Tuesday 16 December 2008

Two million mistakes

So, a marketing agency has been fired because of innacuracy in the statistics it used in its mailings. According to the report, 2m out of 184m of the letters mailed in the last few years, have been 'wrong'.

You could argue that this is a special case, because it involves the BBC, which has become supremely sensitive to any allegations of impropriety after various episodes of phone-vote rigging and lapses in editorial standards.

Or you could look at the absolute numbers, and say two million letters with avoidable errors constitutes a great deal of damage to public trust.

Or look again, and see that the whole story is based on one complaint to a national newspaper, a newspaper which had already embarked on a campaign against the BBC. And the complaint was triggered by the receipt by one person of duplicate mailings which carried different statistics.

So actually the _real_ mistake
was to mail the duplicate, with different data.

How much do you trust the process you use to ensure you only mail people once? Do you think you need to understand it a little better?


photo: www.ClownInsurance.co.uk (yes, really)

Monday 15 December 2008

Basics

A couple of weeks ago, those nice people at British Gas decided to send its customers a heartwarming message about its commitment to the environment. I received a small box containing four low-energy lightbulbs, and a nice leaflet explaining how much money they might help me save.

Except - and stop me if you've heard this before ...

1. I got two boxes, a couple of days apart
2. The name on one of the letters was wrong
3. The salutation on both letters was gibberish
4. The postman had to knock on the door each time, because the box would not fit through the letterbox (or indeed _any_ letterbox, so his round that week was taking a very long time indeed, about which of course he was rather upset)
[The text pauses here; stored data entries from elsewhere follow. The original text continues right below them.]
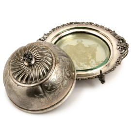 Vaso e burriera in metallo argentato lavorato a cesello e sbalzo, rispettivamente altezza cm 33 e 13x18x16,5, XX secolo, (difetti)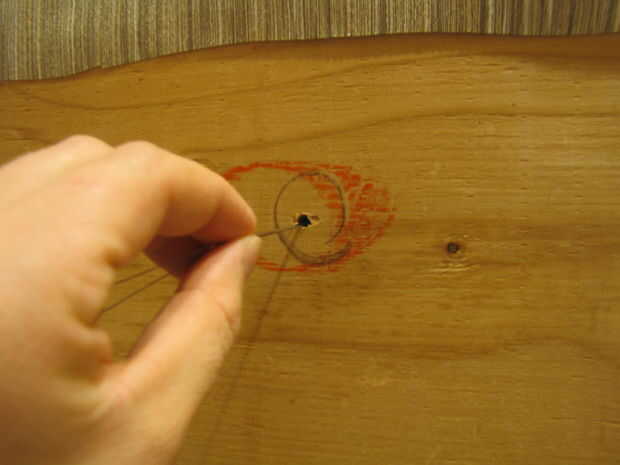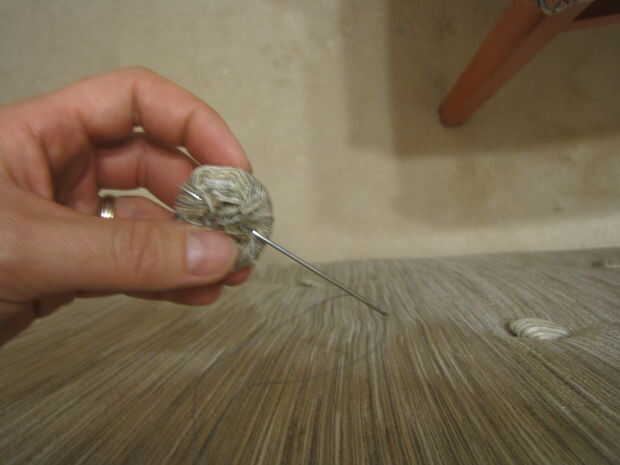 Primer paso: tirar de un pedazo largo del hilo resistente a través de su aguja y nudo para que el hilo se dobla.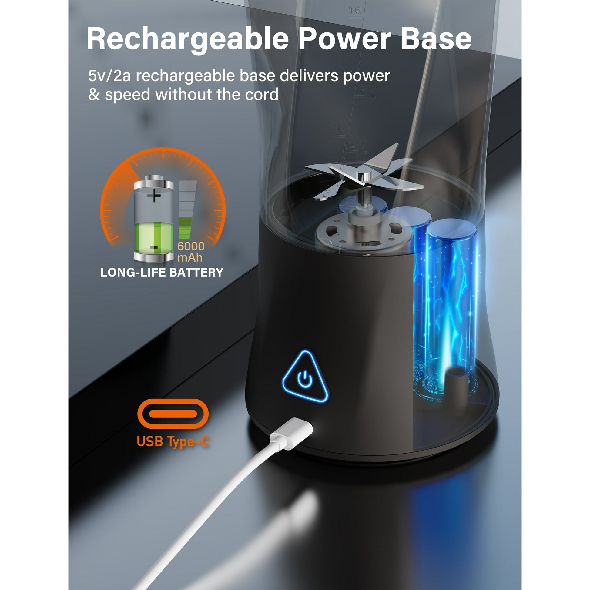 - USB-C Rechargeable for Easy Travel: Forget about cumbersome cords and outlets. Our blender recharges via USB-C, making it the perfect travel companion. Keep it charged and ready to go for healthy living on the move, whether you're at the gym, office, or exploring the world.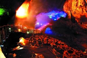 地下河景區(qū)里的云南梯田、微縮長城、洞中黃果樹等景點令人嘆為觀止。撐船在溶洞暗河里穿行,遠遠地就聽見轟隆隆的水流聲,舉目四望,卻見不到一丁點水花,拐了幾個彎之后,一簾瀑布傾瀉而下,帶來意外的驚喜。大自然以其鬼斧神工把中國自然山水與人文建筑的精華濃縮得惟妙惟肖,然后又以乾坤大挪移的手法把它們都囊括到這個溶洞之中,其中究竟,怎一個“奇”字了得?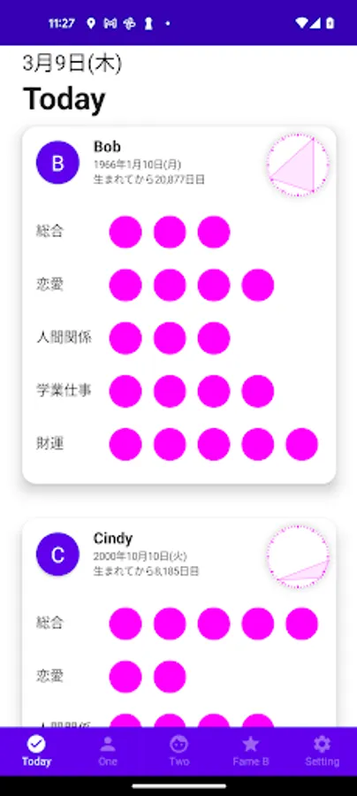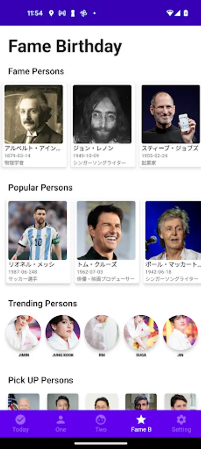 FameBirthday is a fortune-telling feature inspired by learning from successful individuals. We particularly recommend GeniusSearch. As of April 2023, the 58,712 people registered in the Japanese Wikipedia are the targets for search. Tap the G mark on the right side of "Who are you looking for?".

Arrange the following words into a well-known phrase or saying: foot, shoot, the, in, yourself

I think I understand how this has happened. At the same time I am speechless at the waste, ignorance and arrogance the whole thing betrays.

The letter was signed by the Managing Director. I may not be the first to be writing him a slightly more carefully crafted response.

Monday 8 December 2008

Crunch?

1. The local coffee shop says it has never been busier, and they are surprised, as they expected to be an early casualty of people cutting back on discretionary spending.

2. A household name in doors and windows quoted us a laugh-out-loud high price for a replacement door, admitted that 'they don't sell many of these', and ended the call.

3. One of our many local charity shops is dutifully offering '3 for 2' packs of its (charity!) Christmas cards.

It's a confusing picture of the economy at the moment, almost as if we don't quite know how we're supposed to behave.

Picture: 30cakesin30days

Friday 5 December 2008

Utopia

Attended a briefing session yesterday from the Gloucestershire Hospitals NHS Foundation Trust. Not only was the content fascinating, it was also interesting to listen to the language being used.

One initiative in development, Utopia, is actually an exercise in the management of the complete customer lifecycle (the Chief Exec calls it the 'patient experience', and acknowledge that they are at the 'foothills' of this approach).

They are developing a programme of 'Evidence Based Design' which will involve patients in the re-design of the way care is provided.

There is acute awareness of the challenges of the marketplace which has been created by the changes in funding and oversight of the health service.

It's a hugely complex organisation, with 700,000 patients / customers a year. And it's starting to talk about the patients' perspective, and how to incorporate that into service delivery. For an organisation whose processes were mostly built in the 1940s, it's impressive stuff. What are you doing at your company?